● **REQUIRED WORK**
Omit every picture and write out the rest of the records exactly.

● **SUPPLIED MATERIAL**
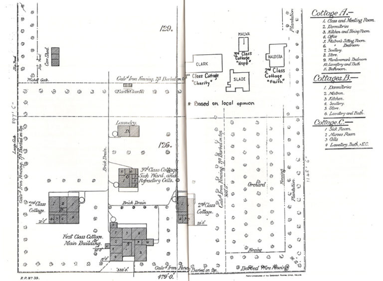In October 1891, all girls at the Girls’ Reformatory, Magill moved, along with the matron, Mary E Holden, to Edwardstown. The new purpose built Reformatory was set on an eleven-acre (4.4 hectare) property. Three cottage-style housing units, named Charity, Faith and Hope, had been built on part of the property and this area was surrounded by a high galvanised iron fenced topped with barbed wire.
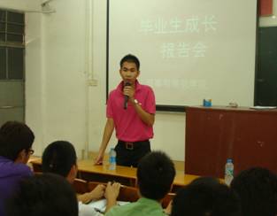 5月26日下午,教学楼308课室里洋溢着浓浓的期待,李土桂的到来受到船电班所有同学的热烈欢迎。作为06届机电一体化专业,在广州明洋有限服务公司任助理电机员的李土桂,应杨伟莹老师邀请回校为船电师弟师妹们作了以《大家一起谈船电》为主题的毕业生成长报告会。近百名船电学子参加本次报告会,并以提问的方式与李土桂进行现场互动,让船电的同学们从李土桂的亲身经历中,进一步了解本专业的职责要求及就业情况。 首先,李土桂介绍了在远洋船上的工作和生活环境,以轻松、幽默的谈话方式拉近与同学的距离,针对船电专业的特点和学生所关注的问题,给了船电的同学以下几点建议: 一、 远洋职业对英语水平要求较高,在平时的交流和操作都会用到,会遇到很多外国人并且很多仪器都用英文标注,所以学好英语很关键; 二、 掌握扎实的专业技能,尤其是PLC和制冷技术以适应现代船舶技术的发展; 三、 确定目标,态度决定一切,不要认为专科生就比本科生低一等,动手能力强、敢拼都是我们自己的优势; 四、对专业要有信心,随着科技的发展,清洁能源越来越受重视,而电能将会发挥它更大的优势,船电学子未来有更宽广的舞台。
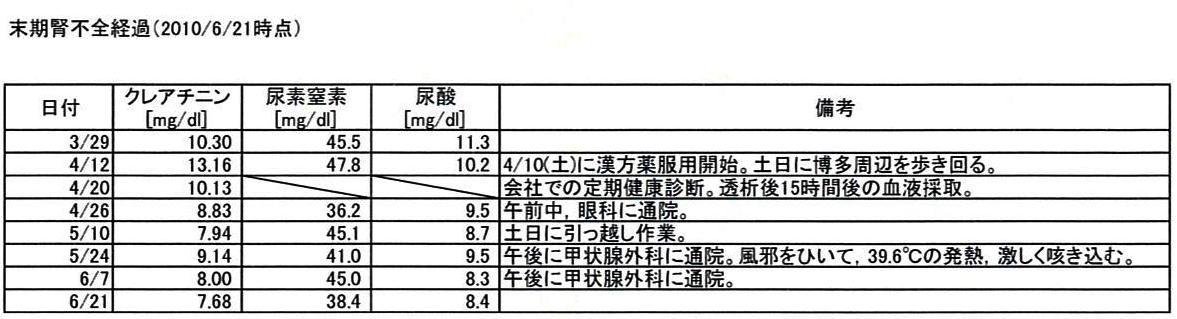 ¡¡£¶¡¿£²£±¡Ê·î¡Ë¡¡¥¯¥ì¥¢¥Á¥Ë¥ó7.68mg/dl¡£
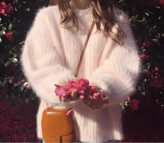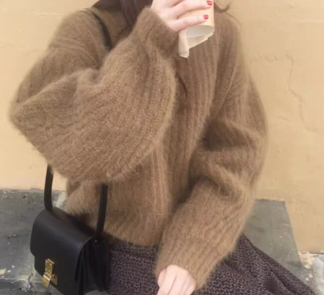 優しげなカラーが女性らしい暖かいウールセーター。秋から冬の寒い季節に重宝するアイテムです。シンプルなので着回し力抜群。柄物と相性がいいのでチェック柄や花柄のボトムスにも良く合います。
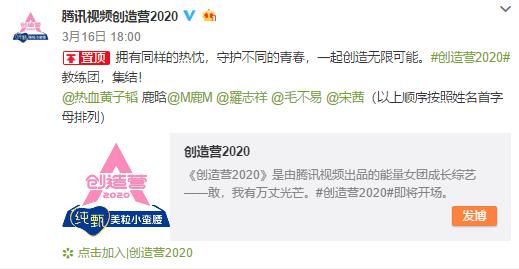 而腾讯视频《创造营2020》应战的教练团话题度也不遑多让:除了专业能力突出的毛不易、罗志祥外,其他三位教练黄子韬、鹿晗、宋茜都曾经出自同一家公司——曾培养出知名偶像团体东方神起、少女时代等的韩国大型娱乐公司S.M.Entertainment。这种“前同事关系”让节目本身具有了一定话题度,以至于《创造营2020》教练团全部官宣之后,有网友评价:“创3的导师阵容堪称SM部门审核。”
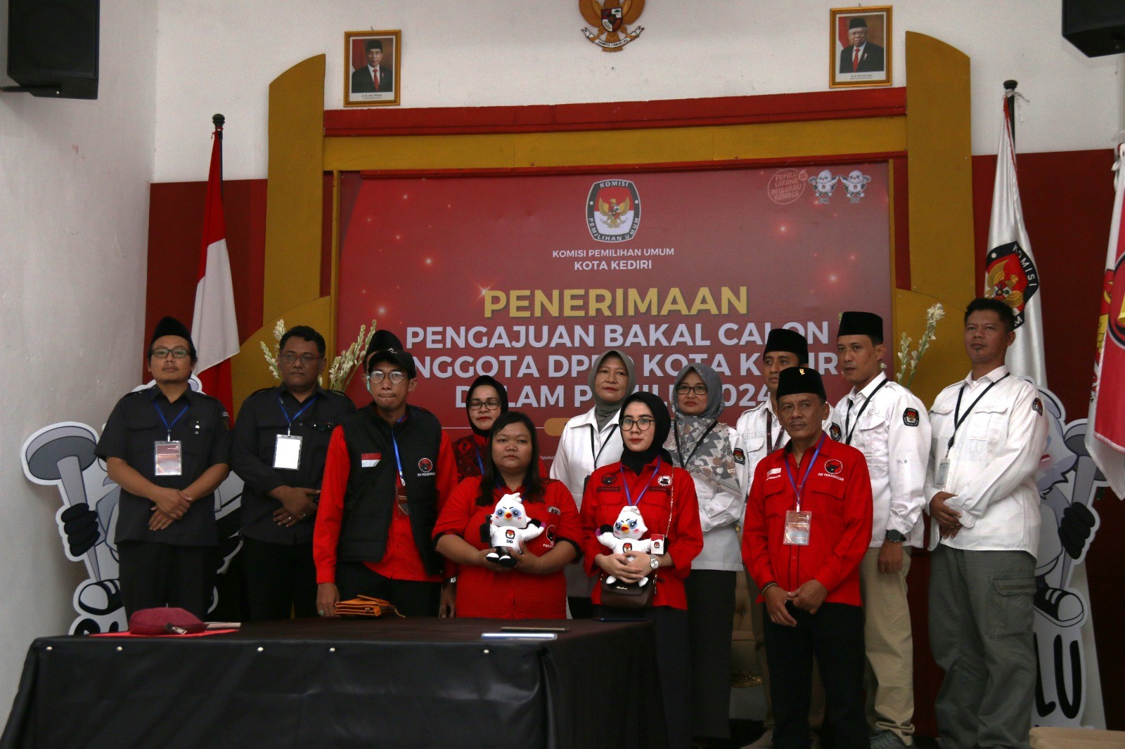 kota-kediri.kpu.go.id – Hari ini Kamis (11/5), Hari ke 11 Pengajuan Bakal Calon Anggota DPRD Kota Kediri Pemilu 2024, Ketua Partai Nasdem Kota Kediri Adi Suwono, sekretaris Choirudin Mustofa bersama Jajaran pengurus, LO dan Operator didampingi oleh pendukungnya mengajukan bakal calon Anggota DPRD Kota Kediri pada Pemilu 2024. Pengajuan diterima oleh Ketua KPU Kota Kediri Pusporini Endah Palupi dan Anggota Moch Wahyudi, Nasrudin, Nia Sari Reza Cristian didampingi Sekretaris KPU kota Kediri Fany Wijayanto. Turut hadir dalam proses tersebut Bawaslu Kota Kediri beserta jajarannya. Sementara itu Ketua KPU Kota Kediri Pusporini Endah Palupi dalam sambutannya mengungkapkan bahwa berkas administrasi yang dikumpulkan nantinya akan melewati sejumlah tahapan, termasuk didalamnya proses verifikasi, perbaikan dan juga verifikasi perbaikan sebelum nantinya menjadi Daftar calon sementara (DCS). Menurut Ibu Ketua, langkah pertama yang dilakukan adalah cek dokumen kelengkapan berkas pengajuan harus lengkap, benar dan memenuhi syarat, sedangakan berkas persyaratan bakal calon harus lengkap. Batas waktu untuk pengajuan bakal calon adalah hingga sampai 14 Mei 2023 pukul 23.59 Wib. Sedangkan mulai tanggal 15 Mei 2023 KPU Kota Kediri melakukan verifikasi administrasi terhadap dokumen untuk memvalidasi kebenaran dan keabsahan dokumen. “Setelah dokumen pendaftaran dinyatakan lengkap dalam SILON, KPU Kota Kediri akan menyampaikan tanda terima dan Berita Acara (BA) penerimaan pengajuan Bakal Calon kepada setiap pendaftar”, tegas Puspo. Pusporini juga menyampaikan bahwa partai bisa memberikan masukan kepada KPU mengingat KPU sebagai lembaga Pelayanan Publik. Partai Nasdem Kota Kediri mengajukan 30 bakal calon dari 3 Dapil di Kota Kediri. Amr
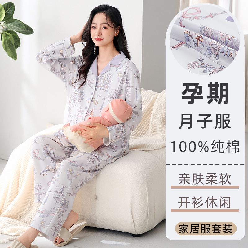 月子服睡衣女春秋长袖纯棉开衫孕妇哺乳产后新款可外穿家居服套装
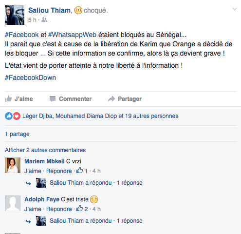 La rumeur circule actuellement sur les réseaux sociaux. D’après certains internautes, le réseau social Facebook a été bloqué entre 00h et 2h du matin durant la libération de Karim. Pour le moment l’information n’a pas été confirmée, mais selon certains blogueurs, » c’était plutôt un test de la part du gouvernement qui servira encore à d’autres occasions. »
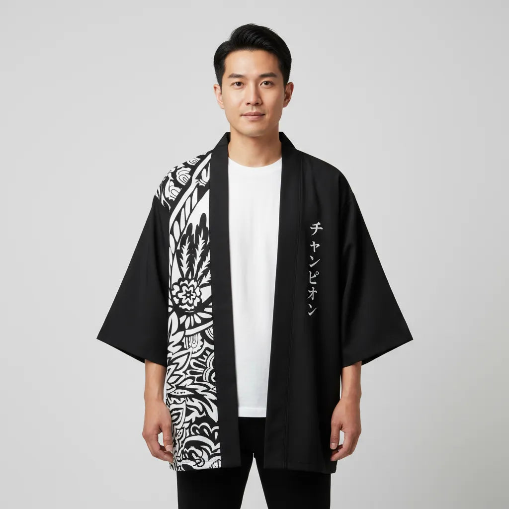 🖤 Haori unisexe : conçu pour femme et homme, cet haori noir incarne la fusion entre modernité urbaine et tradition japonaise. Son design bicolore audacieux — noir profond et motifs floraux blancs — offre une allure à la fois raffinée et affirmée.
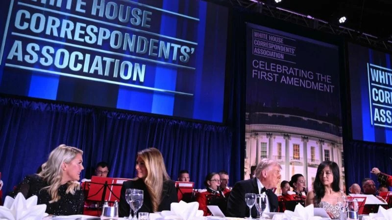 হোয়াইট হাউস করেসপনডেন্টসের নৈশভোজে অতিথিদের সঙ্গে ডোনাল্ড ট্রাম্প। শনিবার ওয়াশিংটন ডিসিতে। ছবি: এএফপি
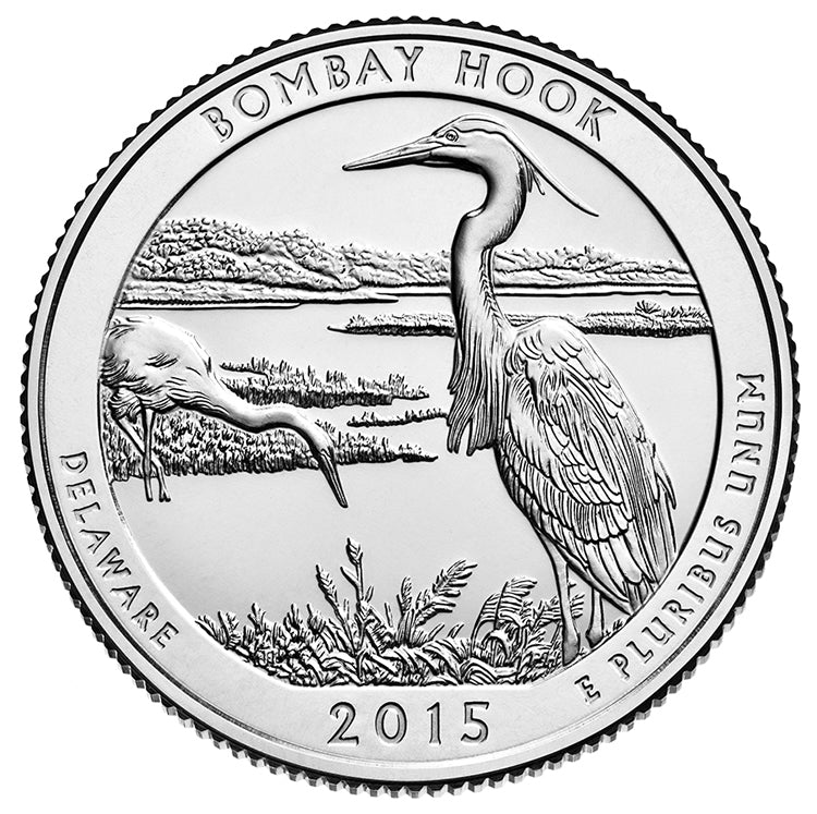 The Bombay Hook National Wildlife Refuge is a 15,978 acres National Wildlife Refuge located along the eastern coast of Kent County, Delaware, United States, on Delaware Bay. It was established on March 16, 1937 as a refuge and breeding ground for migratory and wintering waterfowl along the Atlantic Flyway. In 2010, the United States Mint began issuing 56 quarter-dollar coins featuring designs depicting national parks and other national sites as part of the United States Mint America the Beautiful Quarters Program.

● **EXERCISE ANSWER**
In October 1891, all girls at the Girls’ Reformatory, Magill moved, along with the matron, Mary E Holden, to Edwardstown. The new purpose built Reformatory was set on an eleven-acre (4.4 hectare) property. Three cottage-style housing units, named Charity, Faith and Hope, had been built on part of the property and this area was surrounded by a high galvanised iron fenced topped with barbed wire.
 5月26日下午,教学楼308课室里洋溢着浓浓的期待,李土桂的到来受到船电班所有同学的热烈欢迎。作为06届机电一体化专业,在广州明洋有限服务公司任助理电机员的李土桂,应杨伟莹老师邀请回校为船电师弟师妹们作了以《大家一起谈船电》为主题的毕业生成长报告会。近百名船电学子参加本次报告会,并以提问的方式与李土桂进行现场互动,让船电的同学们从李土桂的亲身经历中,进一步了解本专业的职责要求及就业情况。 首先,李土桂介绍了在远洋船上的工作和生活环境,以轻松、幽默的谈话方式拉近与同学的距离,针对船电专业的特点和学生所关注的问题,给了船电的同学以下几点建议: 一、 远洋职业对英语水平要求较高,在平时的交流和操作都会用到,会遇到很多外国人并且很多仪器都用英文标注,所以学好英语很关键; 二、 掌握扎实的专业技能,尤其是PLC和制冷技术以适应现代船舶技术的发展; 三、 确定目标,态度决定一切,不要认为专科生就比本科生低一等,动手能力强、敢拼都是我们自己的优势; 四、对专业要有信心,随着科技的发展,清洁能源越来越受重视,而电能将会发挥它更大的优势,船电学子未来有更宽广的舞台。
 ¡¡£¶¡¿£²£±¡Ê·î¡Ë¡¡¥¯¥ì¥¢¥Á¥Ë¥ó7.68mg/dl¡£
 優しげなカラーが女性らしい暖かいウールセーター。秋から冬の寒い季節に重宝するアイテムです。シンプルなので着回し力抜群。柄物と相性がいいのでチェック柄や花柄のボトムスにも良く合います。
 而腾讯视频《创造营2020》应战的教练团话题度也不遑多让:除了专业能力突出的毛不易、罗志祥外,其他三位教练黄子韬、鹿晗、宋茜都曾经出自同一家公司——曾培养出知名偶像团体东方神起、少女时代等的韩国大型娱乐公司S.M.Entertainment。这种“前同事关系”让节目本身具有了一定话题度,以至于《创造营2020》教练团全部官宣之后,有网友评价:“创3的导师阵容堪称SM部门审核。”
 kota-kediri.kpu.go.id – Hari ini Kamis (11/5), Hari ke 11 Pengajuan Bakal Calon Anggota DPRD Kota Kediri Pemilu 2024, Ketua Partai Nasdem Kota Kediri Adi Suwono, sekretaris Choirudin Mustofa bersama Jajaran pengurus, LO dan Operator didampingi oleh pendukungnya mengajukan bakal calon Anggota DPRD Kota Kediri pada Pemilu 2024. Pengajuan diterima oleh Ketua KPU Kota Kediri Pusporini Endah Palupi dan Anggota Moch Wahyudi, Nasrudin, Nia Sari Reza Cristian didampingi Sekretaris KPU kota Kediri Fany Wijayanto. Turut hadir dalam proses tersebut Bawaslu Kota Kediri beserta jajarannya. Sementara itu Ketua KPU Kota Kediri Pusporini Endah Palupi dalam sambutannya mengungkapkan bahwa berkas administrasi yang dikumpulkan nantinya akan melewati sejumlah tahapan, termasuk didalamnya proses verifikasi, perbaikan dan juga verifikasi perbaikan sebelum nantinya menjadi Daftar calon sementara (DCS). Menurut Ibu Ketua, langkah pertama yang dilakukan adalah cek dokumen kelengkapan berkas pengajuan harus lengkap, benar dan memenuhi syarat, sedangakan berkas persyaratan bakal calon harus lengkap. Batas waktu untuk pengajuan bakal calon adalah hingga sampai 14 Mei 2023 pukul 23.59 Wib. Sedangkan mulai tanggal 15 Mei 2023 KPU Kota Kediri melakukan verifikasi administrasi terhadap dokumen untuk memvalidasi kebenaran dan keabsahan dokumen. “Setelah dokumen pendaftaran dinyatakan lengkap dalam SILON, KPU Kota Kediri akan menyampaikan tanda terima dan Berita Acara (BA) penerimaan pengajuan Bakal Calon kepada setiap pendaftar”, tegas Puspo. Pusporini juga menyampaikan bahwa partai bisa memberikan masukan kepada KPU mengingat KPU sebagai lembaga Pelayanan Publik. Partai Nasdem Kota Kediri mengajukan 30 bakal calon dari 3 Dapil di Kota Kediri. Amr
 月子服睡衣女春秋长袖纯棉开衫孕妇哺乳产后新款可外穿家居服套装
 La rumeur circule actuellement sur les réseaux sociaux. D’après certains internautes, le réseau social Facebook a été bloqué entre 00h et 2h du matin durant la libération de Karim. Pour le moment l’information n’a pas été confirmée, mais selon certains blogueurs, » c’était plutôt un test de la part du gouvernement qui servira encore à d’autres occasions. »
 🖤 Haori unisexe : conçu pour femme et homme, cet haori noir incarne la fusion entre modernité urbaine et tradition japonaise. Son design bicolore audacieux — noir profond et motifs floraux blancs — offre une allure à la fois raffinée et affirmée.
 হোয়াইট হাউস করেসপনডেন্টসের নৈশভোজে অতিথিদের সঙ্গে ডোনাল্ড ট্রাম্প। শনিবার ওয়াশিংটন ডিসিতে। ছবি: এএফপি
 The Bombay Hook National Wildlife Refuge is a 15,978 acres National Wildlife Refuge located along the eastern coast of Kent County, Delaware, United States, on Delaware Bay. It was established on March 16, 1937 as a refuge and breeding ground for migratory and wintering waterfowl along the Atlantic Flyway. In 2010, the United States Mint began issuing 56 quarter-dollar coins featuring designs depicting national parks and other national sites as part of the United States Mint America the Beautiful Quarters Program.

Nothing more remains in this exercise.